Essential workers in the US, aged 75 and over should be next for COVID vaccines – CDC panel

(Reuters) – An advisory group at the US Centers for Disease Control and Prevention on Sunday recommended that key frontline workers and people aged 75 and over be next in line to receive a COVID-19 vaccine.

FILE PHOTO: A United States Postal Service (USPS) postman passes the New York Manhattan Stock Exchange in New York City, New York, USA, October 26, 2020. REUTERS / Mike Segar

The Advisory Committee on Immunization Practices (ACIP) voted 13 to 1 to recommend 30 million key frontline workers, including first responders, teachers, food and agriculture, manufacturing, U.S. postal services, public transportation and grocery store workers should be the next priority for vaccines.

In total, this move would make 51 million people eligible to be inoculated in the next round. However, it was not clear immediately when the next round will begin.

Approximately 200 million people, including non-frontal workers, such as those in the media, finance, energy and IT and communications industries, people in the age group 65-74 and those aged 16 to 64 with conditions High risk should be in the next round, the panel recommended.

The group has already recommended that primary care employees and nursing home residents be the first priority groups.

Coronavirus mortality rates are highest in older adults, with the population aged 75 and over accounting for 25% of COVID-19-associated hospitalizations, according to a working group set up by the vaccine distribution advisory group.

Citing limited dose availability, the working group decomposed essential workers into front and non-front workers.

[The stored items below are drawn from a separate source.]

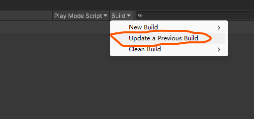 选择Build-Clean Build,把旧的本地资源包清除,再把ServerData的服务器资源包清除,再选中Update a Previous Build,同样要选择之前打包生成的.bin文件,这时候就打成了新的AA包。
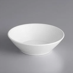 Sample – Acopa Liana 9 Oz. Bright White Embossed Lines Wide Rim Porcelain Soup Bowl
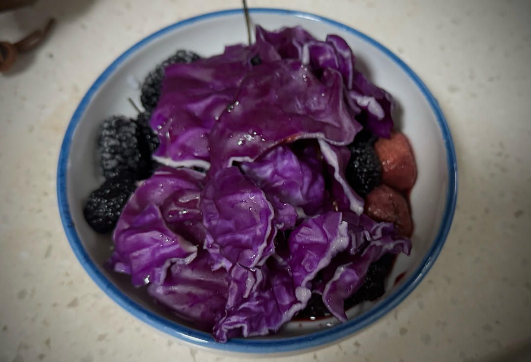 今日饮品:紫甘蓝,黑枸杞,桑葚,草莓,树莓,蓝莓(满满的花青素)小伙伴寄来的冰糖心冰淇淋萝卜拿来拌沙拉也太好吃了,就这样直接啃也很好吃,非常感谢。
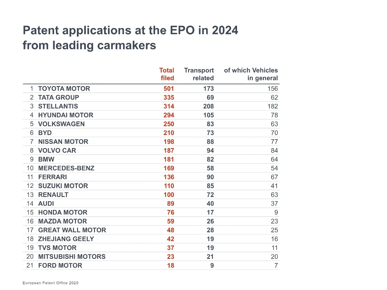 Vier deutsche Unternehmen gehören zu den Top 10 der Patentanmelder im Transportsektor beim EPA: Siemens (Platz 5), Continental (Platz 6, gestiegen von Platz 8 in 2023), ZF Friedrichshafen (Platz 8, gestiegen von Platz 11) und Robert Bosch (Platz 9). Siemens und Bosch zählen zudem zu den Top 10 der Patentanmelder im Bereich Elektrofahrzeuge.
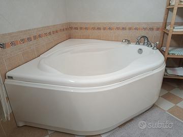 Vendo vasca da bagno cm.140x140 usata pochissimo, COMPLETA DI RUBINETTERIA, in ottime condizioni. La fascia laterale che copre la struttura ha una piccola fessura dovuta ad un urto…nulla di che, è solo un fatto estetico (vedi foto).
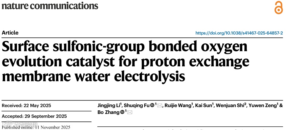 表面磺酸基团键合的析氧反应催化剂用于质子交换膜水电解槽
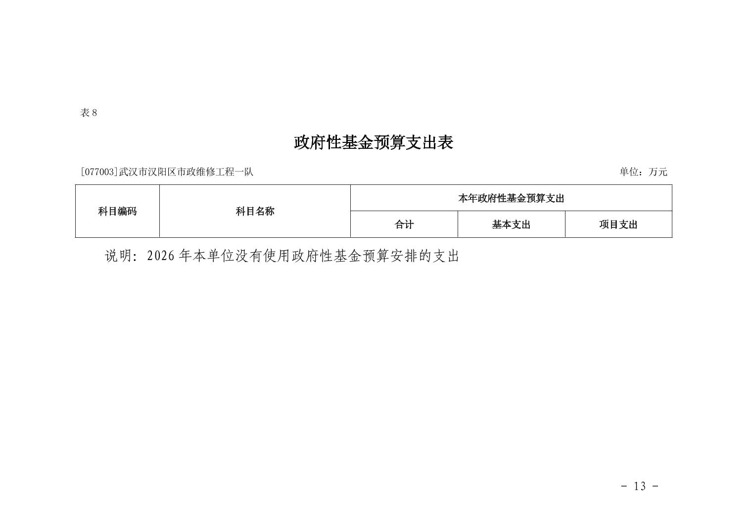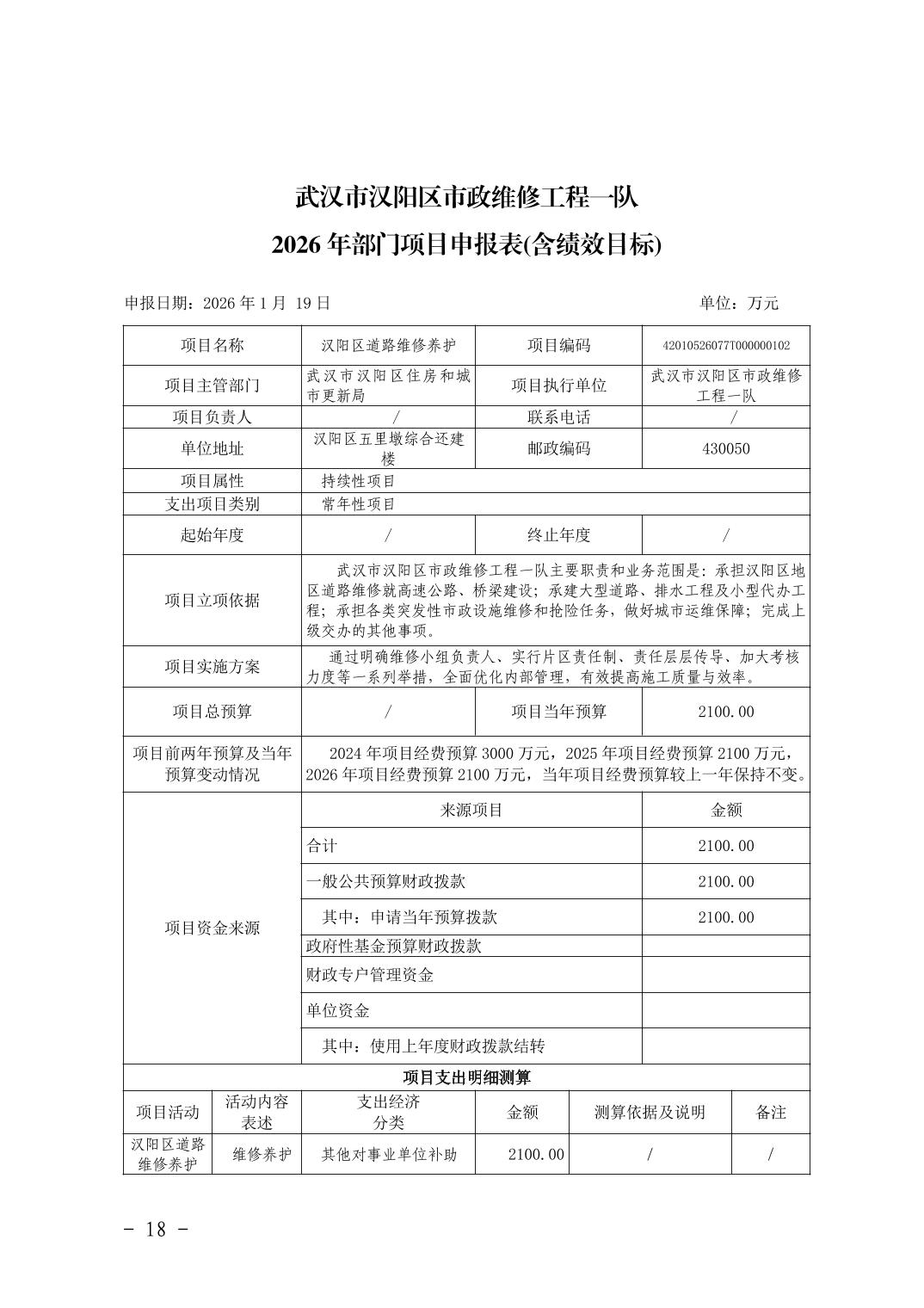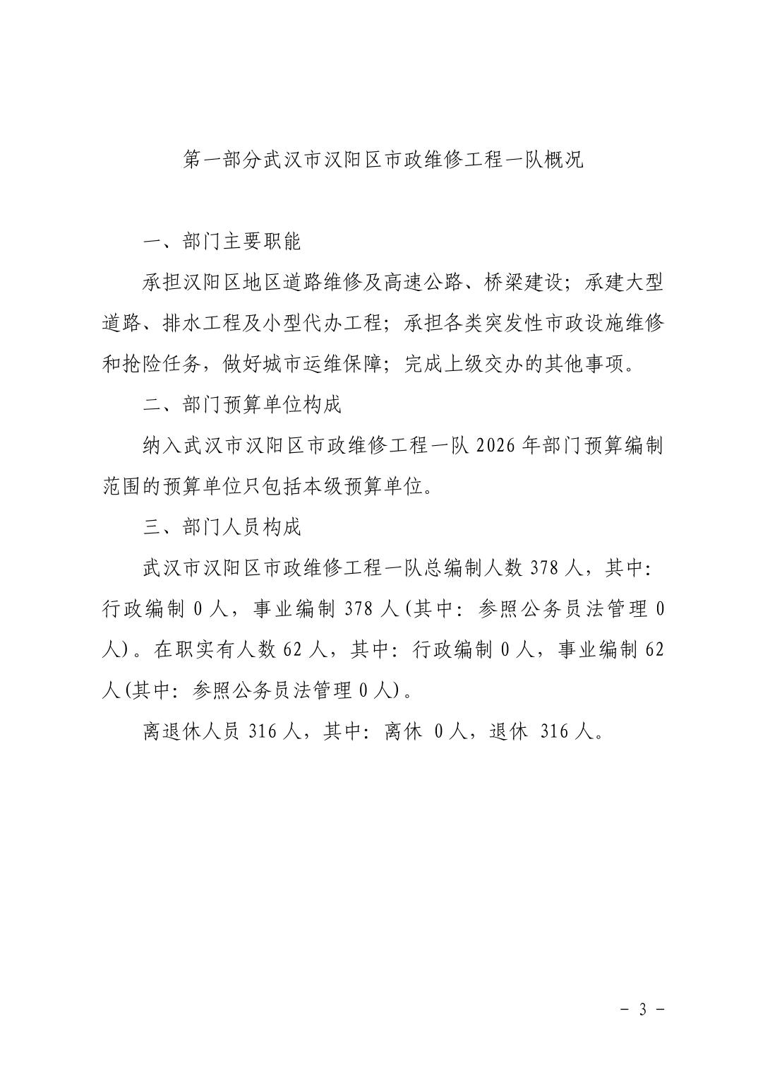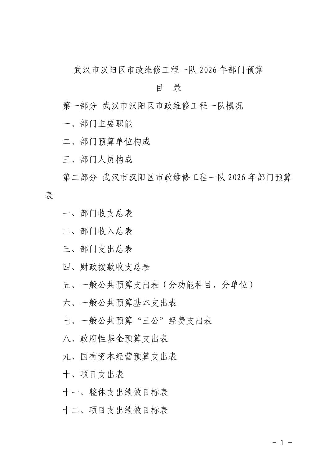 武汉市汉阳区市政维修工程一队2026年部门预算

States, which distribute photos to their residents, will use the ACIP guidelines to guide decisions on how to allocate doses of COVID-19 Pfizer Inc and Moderna Inc vaccines, while reserves are scarce.

States have wide discretion over how to classify essential workers, and more than 20 major industries have put pressure on authorities to get their workers to the forefront, a Reuters analysis found.

While the supply of vaccines has been limited so far, federal authorities have said production will increase in the coming months. Officials for US Operation Warp Speed ​​have said they will distribute enough doses for 100 million Americans to be vaccinated by the end of February.

Federal authorities began delivering the first 2.9 million doses of Pfizer Inc. vaccine on December 13th. Another 2 million doses are expected to be distributed this week, as well as 5.9 million doses of Moderna Inc. vaccine.

Even after these doses are distributed, more than half of the country’s 21 million health workers and 3 million nursing home residents will still need to be vaccinated.